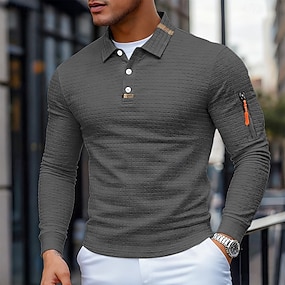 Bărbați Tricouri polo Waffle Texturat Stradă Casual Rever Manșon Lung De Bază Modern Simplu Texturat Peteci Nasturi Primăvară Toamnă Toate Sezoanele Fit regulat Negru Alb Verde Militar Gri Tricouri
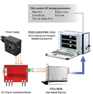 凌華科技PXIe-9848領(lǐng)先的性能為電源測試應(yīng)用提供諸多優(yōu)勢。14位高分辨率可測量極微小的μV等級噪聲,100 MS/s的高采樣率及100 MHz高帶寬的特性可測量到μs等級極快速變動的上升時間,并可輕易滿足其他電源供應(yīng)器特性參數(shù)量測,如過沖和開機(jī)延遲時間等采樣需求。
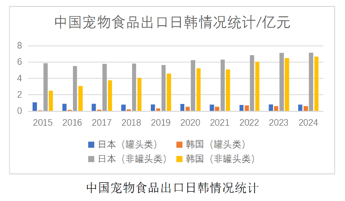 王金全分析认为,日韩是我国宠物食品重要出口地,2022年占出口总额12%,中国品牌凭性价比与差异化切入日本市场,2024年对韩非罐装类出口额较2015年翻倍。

· · · · · · ·

→ **What the task requires**
For this exercise, return the data above exactly and leave every picture out.

→ **Answer to the exercise**
 Bărbați Tricouri polo Waffle Texturat Stradă Casual Rever Manșon Lung De Bază Modern Simplu Texturat Peteci Nasturi Primăvară Toamnă Toate Sezoanele Fit regulat Negru Alb Verde Militar Gri Tricouri
 凌華科技PXIe-9848領(lǐng)先的性能為電源測試應(yīng)用提供諸多優(yōu)勢。14位高分辨率可測量極微小的μV等級噪聲,100 MS/s的高采樣率及100 MHz高帶寬的特性可測量到μs等級極快速變動的上升時間,并可輕易滿足其他電源供應(yīng)器特性參數(shù)量測,如過沖和開機(jī)延遲時間等采樣需求。
 王金全分析认为,日韩是我国宠物食品重要出口地,2022年占出口总额12%,中国品牌凭性价比与差异化切入日本市场,2024年对韩非罐装类出口额较2015年翻倍。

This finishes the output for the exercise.